Viele Argentinier sind alarmiert. Öffentliche Bildung war immer etwas, auf das man besonders stolz war in dem südamerikanischen Land. Die staatlichen Universitäten zählen zu den besten der gesamten Region, und sie sind ein wichtiger Motor für sozialen Aufstieg, weil das Studium weitestgehend kostenlos ist. In Argentinien, einem Land, das heute gesellschaftlich tief gespalten ist, ist der Erhalt und die Förderung von öffentlicher Bildung eines der wenigen Themen, auf das sich grosse Teile der Bevölkerung einigen können.

430’000 Protestierende – Veranstalter sehen doppelt so viele

Das zeigte sich bei den Demonstrationen am Dienstag. Allein in der Hauptstadt Buenos Aires sollen Berechnungen der ansonsten eher konservativen Tageszeitung «La Nacion» zufolge mindestens 430’000 Menschen auf die Strasse gegangen sein. Die Veranstalter gehen sogar vom Doppelten aus, und sicher ist: Es waren die grössten Massenproteste seit Amtsantritt der Regierung von Javier Milei vor etwa einem halben Jahr.

Schon im Wahlkampf hatte dieser versprochen, den Staat und die öffentlichen Ausgaben radikal zusammenzukürzen. Ziel war ein ausgeglichener Haushalt bis Ende Jahr, trotz eines gigantischen Schuldenbergs und einer Teuerungsrate von derzeit fast 300 Prozent. Subventionen wurden gestrichen und alle staatlichen Bauaufträge gestoppt. Die Inflation sinkt nun, und erst am Montagabend hatte Milei in einer landesweit übertragenen Fernsehansprache stolz verkündet, dass man den ersten Quartalsüberschuss seit mehr als eineinhalb Jahrzehnten erwirtschaftet habe. «Der Plan funktioniert», jubelte der Staatschef.

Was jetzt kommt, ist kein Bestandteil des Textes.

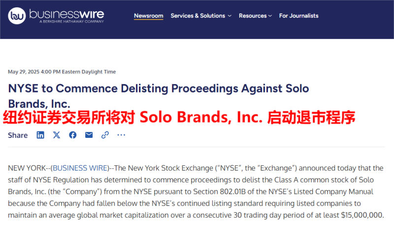 纽交所对Solo Brands启动退市程序 图源:business wire

(FILES) Argentina's President Javier Miei delivers a speech during the International Economic Forum of the Americas (IEFA) in Buenos Aires on March 26, 2024. President Javier Milei celebrated this Monday April 22, 2024 as a "historic feat" the first quarter with a financial surplus that Argentina has recorded since 2008 and warned the population not to expect an exit from the recession "hand in hand with public spending". (Photo by Juan MABROMATA / AFP)

Viele Argentinier aber ächzen unter den steigenden Preisen für Benzin, Strom und Gas. Der Konsum ist eingebrochen, Restaurants bleiben leer, Laufbänder stehen still. Der Rückhalt für die Regierung ist zwar immer noch gross, vor allem aber in der Mittelschicht rumort es, und die Proteste vom Dienstagabend sind der beste Beweis dafür.

Milei und sein Kabinett scheinen dabei unterschätzt zu haben, wie sehr das Thema «öffentliche Bildung» die Bevölkerung mobilisiert. Noch am Dienstagmorgen hatte der Regierungssprecher versucht, die Demonstrationen kleinzureden. Von einer «politischen Veranstaltung» war die Rede, organisiert angeblich von der linken Opposition.

Milei nennt Demonstranten «Diebe und Nichtstuer»

Der Präsident selbst wetterte im Netz gegen die Proteste. So teilte er einen Beitrag, in dem Demonstranten als «Diebe, Korrupte und Nichtstuer» beschimpft wurden. Und am Abend postete er noch ein Bild: ein Löwe, das Wahrzeichen seiner Bewegung, der genüsslich aus einer Teetasse trinkt, auf der «Die Tränen der Linken» steht.

Aber selbst die grossen Zeitungen Argentiniens, die bislang der Regierung nahestanden, schrieben in Kommentaren von einem Fehler Mileis. Auf der Demonstration am Dienstag stand auf vielen Transparenten: «Leg dich nicht mit den Unis an.» Bleibt abzuwarten, wie sehr Milei sich diese Warnung zu Herzen nimmt.